# Description of the task:
Before writing out the records, remove the pictures; keep everything else exact.

== Segment start ==

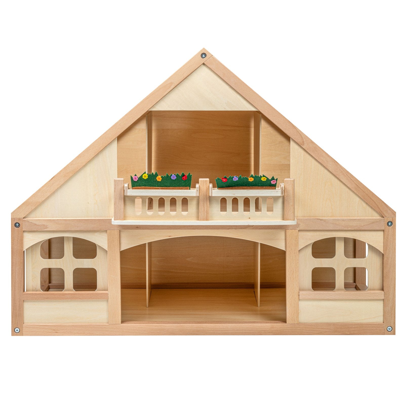 בית בובות עשוי מעץ, המיועד לילדים מגיל 3 ומעלה. הוא מעוצב בסגנון מודולרי, קל להרכבה, ומאפשר לילדים לחקור את חיי המשפחה ולפתח יצירתיות דרך משחק דמיון
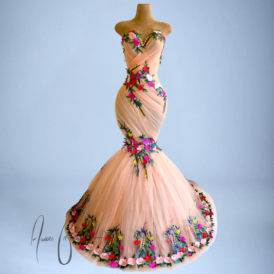 Made from the finest materials, our bespoke, handcrafted dresses. Debrena designs all the dresses in studio in the United States. She chooses every bead, every rhinestone and curates every piece of fabric. We’ve adapted a sustainable technique of using 100% of the materials we purchase once the fabric is cut. We utilize every part of our fabrics using smaller pieces to create flounces, handmade flowers and embellishments of all kinds. All dresses are hand beaded or have handmade flowers. We take pride in making our bride feel as if she’s the most beautiful woman in the room. Selecting the best fabrics that will suit her skin tone, by adding the right amount of lace or beading to create an hour glass silhouette. This is luxury, this is Aurora Goldiv.
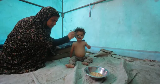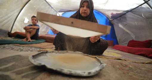 Palestinci koji žive u improviziranim šatorima u izbjegličkom kampu Nuseirat pokušavaju preživjeti izraelsku blokadu i politiku gladovanja kuhajući odbačene naimirnice u Deir al-Balahu.
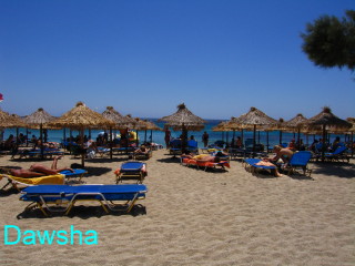 至於我們四人來這裡做什麼呢?享受天堂?解放我們的肉體或是眼睛?實際上,就是走著瞧隨興而為。今天的太陽特別毒辣,原本放入包包的泳裝,完全無法派上用場。北歐人在太陽底下越解越多,我們在太陽底下越包越緊。就這樣四人以走埃及沙漠的裝扮,踏上天堂海灘。我們的妝扮,讓躺在海灘椅上多時的遊客,有了新的可以聊天的題材。也算是一種貢獻。
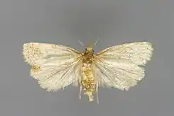 Alas anteriores de color ocre claro, más o menos salpicado o estrigulado de marrón, a veces teñido de rojizo; a veces dos puntos más oscuros en el disco más allá del medio. Fuscous pálido de las alas traseras. La larva ocre-blanquecina; cabeza y plato de 2 marrones.[4] |
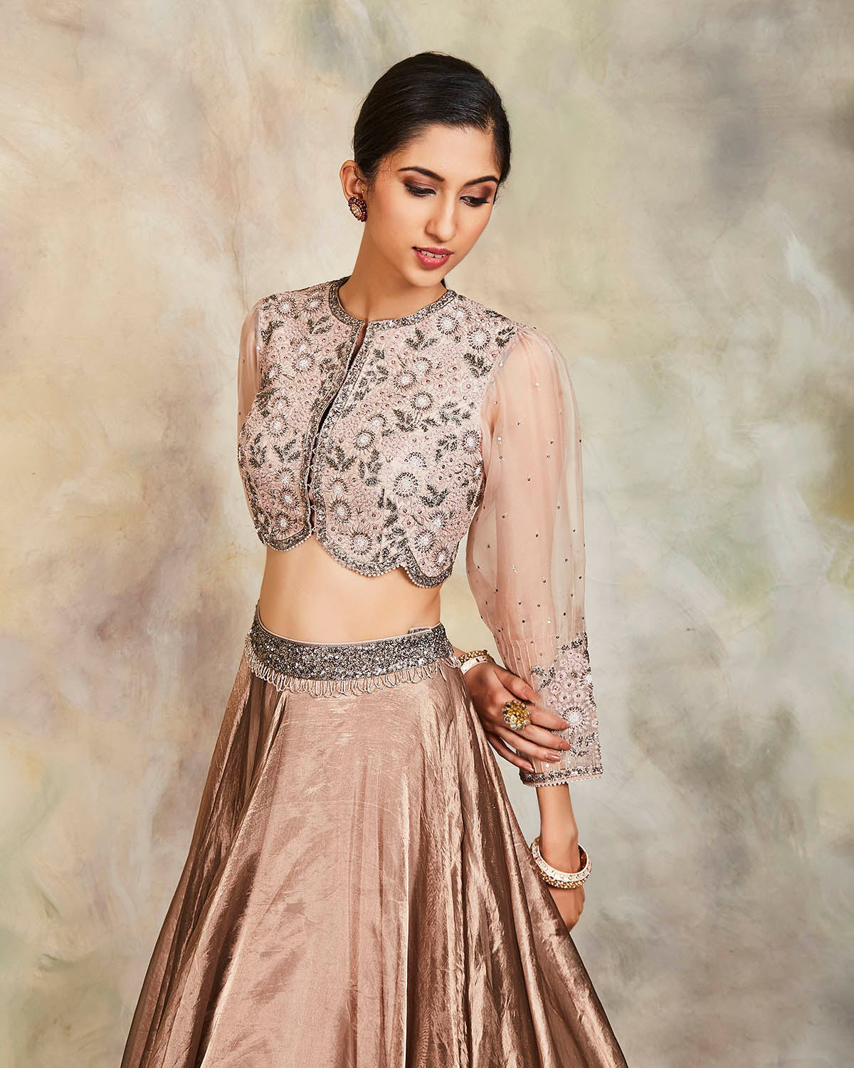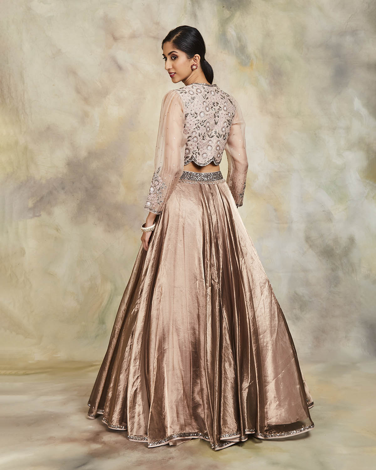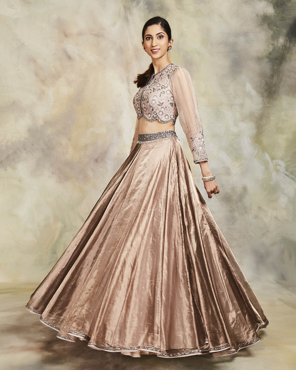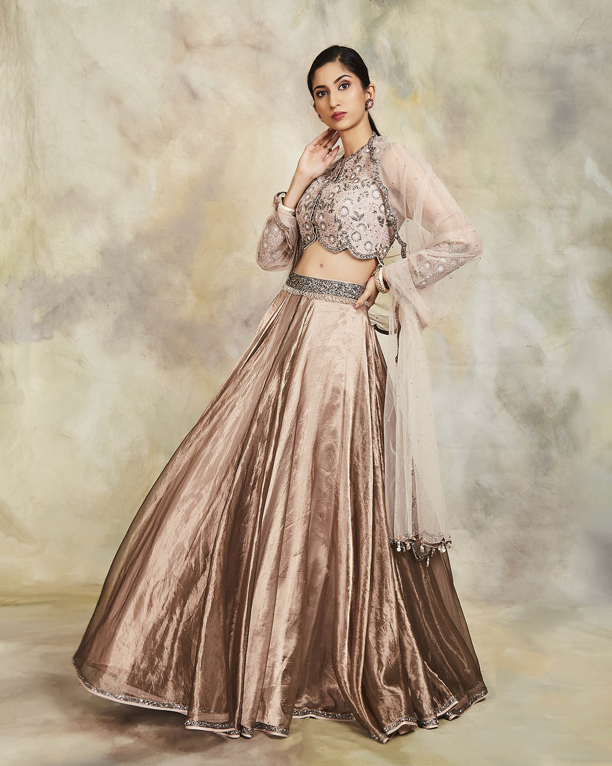 This grey tissue lehenga has been highlighted with sequins. It comes with an embroidered raw silk blouse and an embroidered scalloped tulle dupatta.

== Segment end ==

# Reply:
 בית בובות עשוי מעץ, המיועד לילדים מגיל 3 ומעלה. הוא מעוצב בסגנון מודולרי, קל להרכבה, ומאפשר לילדים לחקור את חיי המשפחה ולפתח יצירתיות דרך משחק דמיון
 Made from the finest materials, our bespoke, handcrafted dresses. Debrena designs all the dresses in studio in the United States. She chooses every bead, every rhinestone and curates every piece of fabric. We’ve adapted a sustainable technique of using 100% of the materials we purchase once the fabric is cut. We utilize every part of our fabrics using smaller pieces to create flounces, handmade flowers and embellishments of all kinds. All dresses are hand beaded or have handmade flowers. We take pride in making our bride feel as if she’s the most beautiful woman in the room. Selecting the best fabrics that will suit her skin tone, by adding the right amount of lace or beading to create an hour glass silhouette. This is luxury, this is Aurora Goldiv.
 Palestinci koji žive u improviziranim šatorima u izbjegličkom kampu Nuseirat pokušavaju preživjeti izraelsku blokadu i politiku gladovanja kuhajući odbačene naimirnice u Deir al-Balahu.
 至於我們四人來這裡做什麼呢?享受天堂?解放我們的肉體或是眼睛?實際上,就是走著瞧隨興而為。今天的太陽特別毒辣,原本放入包包的泳裝,完全無法派上用場。北歐人在太陽底下越解越多,我們在太陽底下越包越緊。就這樣四人以走埃及沙漠的裝扮,踏上天堂海灘。我們的妝扮,讓躺在海灘椅上多時的遊客,有了新的可以聊天的題材。也算是一種貢獻。
 Alas anteriores de color ocre claro, más o menos salpicado o estrigulado de marrón, a veces teñido de rojizo; a veces dos puntos más oscuros en el disco más allá del medio. Fuscous pálido de las alas traseras. La larva ocre-blanquecina; cabeza y plato de 2 marrones.[4] |
 This grey tissue lehenga has been highlighted with sequins. It comes with an embroidered raw silk blouse and an embroidered scalloped tulle dupatta.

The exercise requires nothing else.